The above example is of course not an exception. It just specifies in more detail, what you are interested in, namely in a given specific observable. If the spectrum is non-degenerate it's a complete set and saying to have prepared the system such that the observable takes a definite value is equivalent to preparing it in the corresponding pure state (i.e., the stat. op. is the projector defined by the eigenvector to this eigenvalue).

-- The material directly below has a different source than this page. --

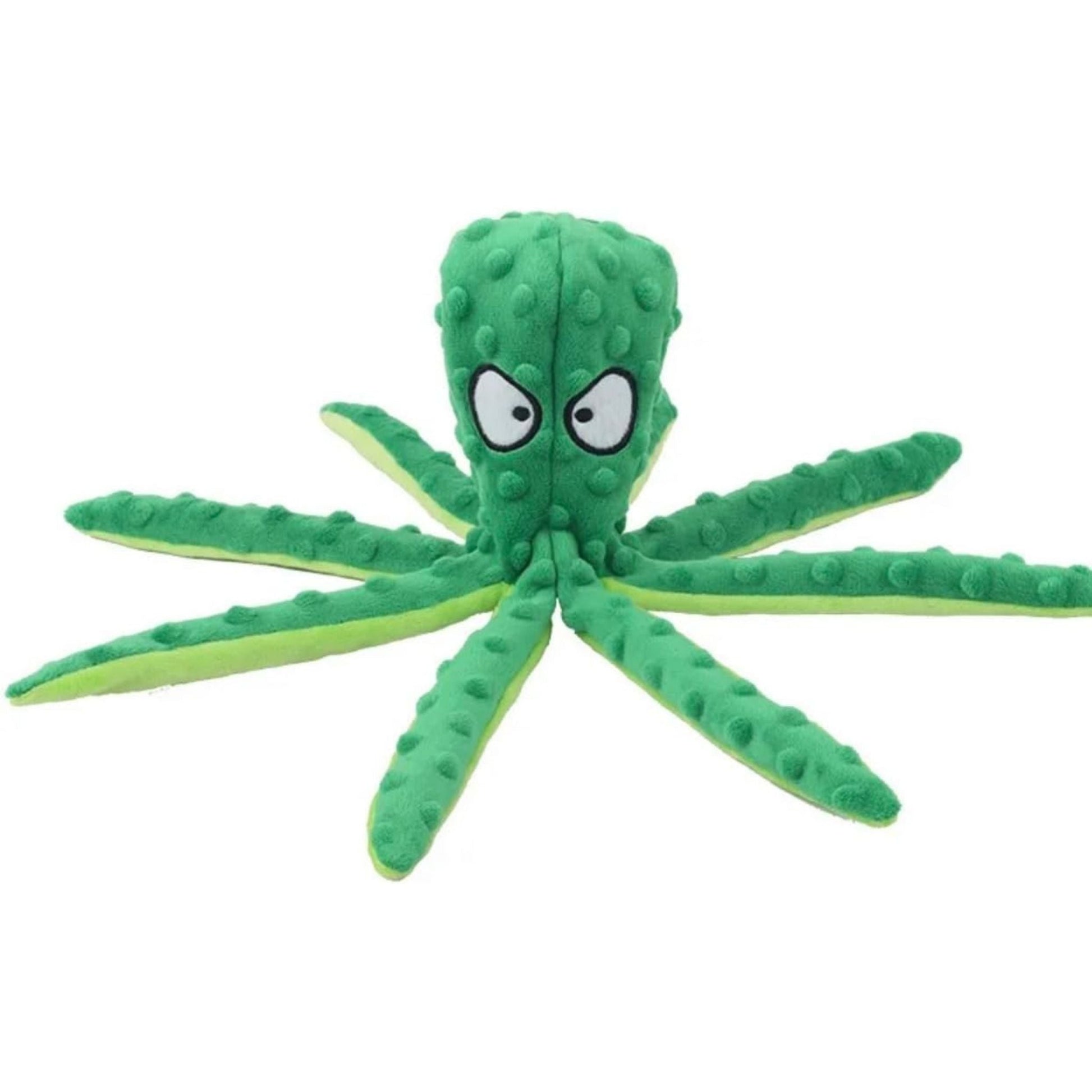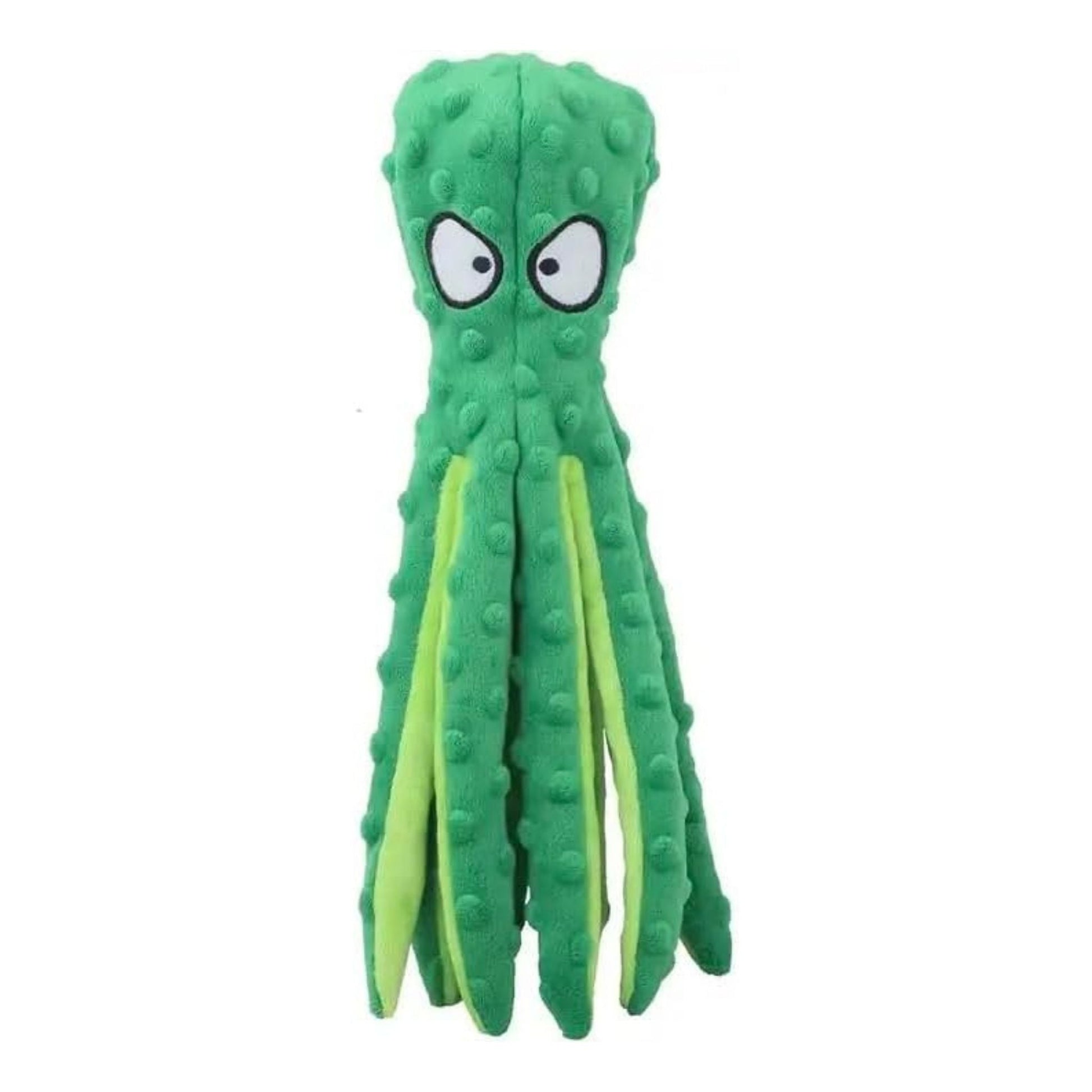 Зелёная игрушка для собак в форме осьминога с забавными глазами, изготовленная из высококачественной ткани с шероховатой текстурой, стимулирует собаку к игре и жеванию. Во время игры игрушка издаёт нежный звук, поощряя физическую активность и помогая снять скуку.

If the spectrum is degenerate, just knowing that the observable takes a determined value ##a##, is incomplete knowledge. There are then many states describing the situation, and the question is, what's the best guess for it. Here, the maximum-entropy principle helps: One assigns that state operator to the situation that takes into account the information you have, but no further bias or prejudice.

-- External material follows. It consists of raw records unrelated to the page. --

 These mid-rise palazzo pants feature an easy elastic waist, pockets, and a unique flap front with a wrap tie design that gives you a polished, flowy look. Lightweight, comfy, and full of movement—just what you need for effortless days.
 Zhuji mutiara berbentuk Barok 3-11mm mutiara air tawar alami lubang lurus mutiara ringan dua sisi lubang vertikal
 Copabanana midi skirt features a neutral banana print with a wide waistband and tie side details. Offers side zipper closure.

Now there's an orthonormal set ##|a,\alpha \rangle## of eigenvectors to the eigenvalue ##a## of the operator ##\hat{A}##. Since it's known that the value of ##A## is with certainty ##a##, the probability for finding any other value ##a' \neq a## must vanish, i.e., ##\langle a',\alpha|\hat{\rho}|a',\alpha =0##. Since this is valid for any linear combination of vectors spanned by the ##|a',\alpha \rangle## with ##a'\neq a##, the statistical operator must be of the form

$$\hat{\rho}=\sum_{\alpha_1,\alpha_2} p_{\alpha_1 \alpha_2} |a,\alpha_1 \rangle \langle |a,\alpha_2 \rangle.$$

Since the matrix elements with respect to all ##|a',\alpha \rangle## with ##a \neq a'## thus vanish, the eigenvectors of ##\hat{\rho}## must be in the eigenspace ##\text{Eig}(a,\alpha)## of ##\hat{A}##, and since ##\hat{A} \hat{\rho}=a \hat{\rho}, \quad \hat{\rho} \hat{A}=\hat{\rho} \hat{A}^{\dagger}=a \hat{\rho}## we have ##[\hat{A},\hat{\rho}]=0## and thus there's a common set of eigenvectors of ##\hat{A}## and ##\hat{\rho}##, and this must span thus ##\text{Eig}(a,\alpha)##. We can assume that the ##|a,\alpha \rangle## are those common eigenvectors, and thus the stat. op. simplifies to

$$\hat{\rho}=\sum_{\alpha} p_{\alpha} |a,\alpha \rangle \langle a,\alpha|.$$

The entropy

$$S=-\sum_{\alpha} p_{\alpha} \ln p_{\alpha}$$

must be maximized under the contraint ##\sum_{\alpha} p_{\alpha}=1##, i.e., with the Lagrange parameter for this constraint we find

$$\delta [S+\Omega(\sum_{\alpha} p_\alpha -1)]=0,$$

where now the ##p_{\alpha}## can be varied independently. Thus we have

$$\sum_{\alpha} \delta p_{\alpha} (-\ln p_{\alpha}-1+\Omega)=0$$

leading to

$$\ln p_{\alpha} =\Omega-1=\text{const}.$$

Thus all the ##p_{\alpha}## must be equal, i.e., if the eigenvalue ##a## is ##d_a## fold degenerate, you must have

$$p_{\alpha}=\frac{1}{d_{\alpha}},$$

and finally

$$\hat{\rho}=\frac{1}{d_{\alpha}} \sum_{\alpha=1}^{d_{\alpha}} |a,\alpha \rangle \langle a,\alpha|.$$

For the special case that the eigenvalue is not degenerate, i.e., ##d_{\alpha}=1## you are again back at the corresponding pure state as discussed above.